EXERCISE INSTRUCTIONS: Starting at the line with "Digital Sheet Music" and stopping at the final line, retype the data below exactly; do not carry over any pictures.

DATA SECTION:
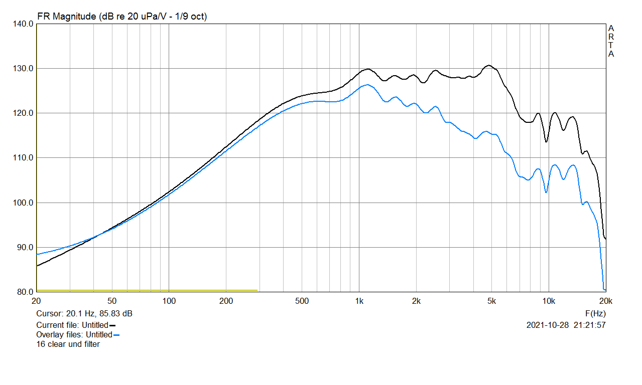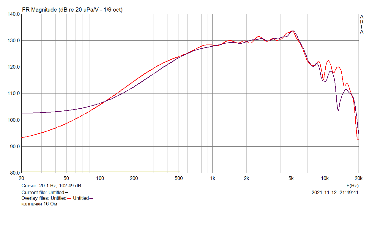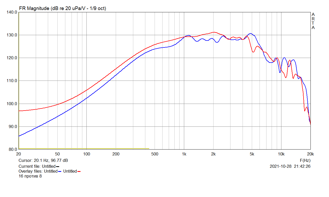 Три основных различия: наклон АЧХ (у 16-омного перекос к подъёму ВЧ), зона 5 кГц (разная окраска и другая стыковка с ВЧ динамиком), монотонность (у пшикнутого акрилом явно выше).
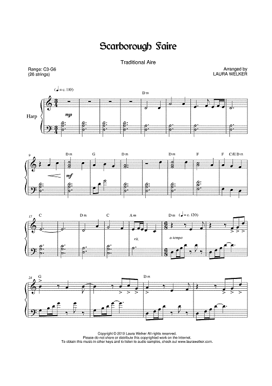 Digital Sheet Music for Scarborough Faire by Various, Traditional, Laura Welker scored for Lever Harp; id:417959
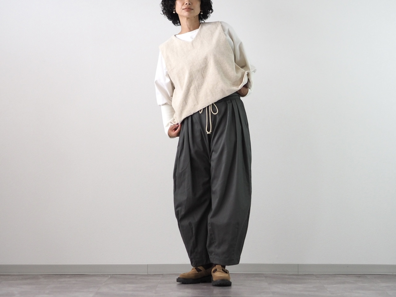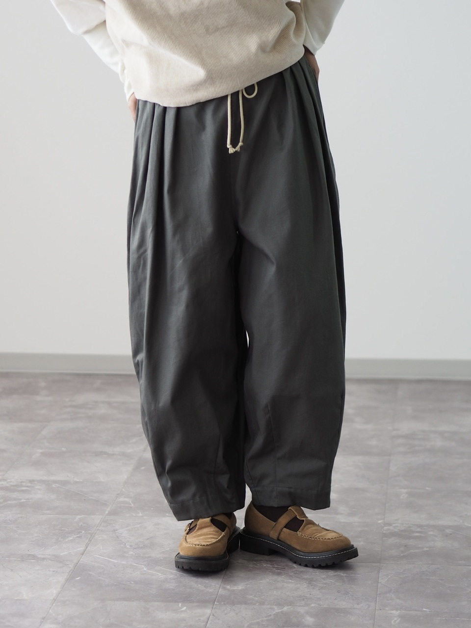 オールシーズン着用できる膨らみのあるシルエットが綺麗なサーカスパンツ。

TASK RESULT:
 Digital Sheet Music for Scarborough Faire by Various, Traditional, Laura Welker scored for Lever Harp; id:417959
 オールシーズン着用できる膨らみのあるシルエットが綺麗なサーカスパンツ。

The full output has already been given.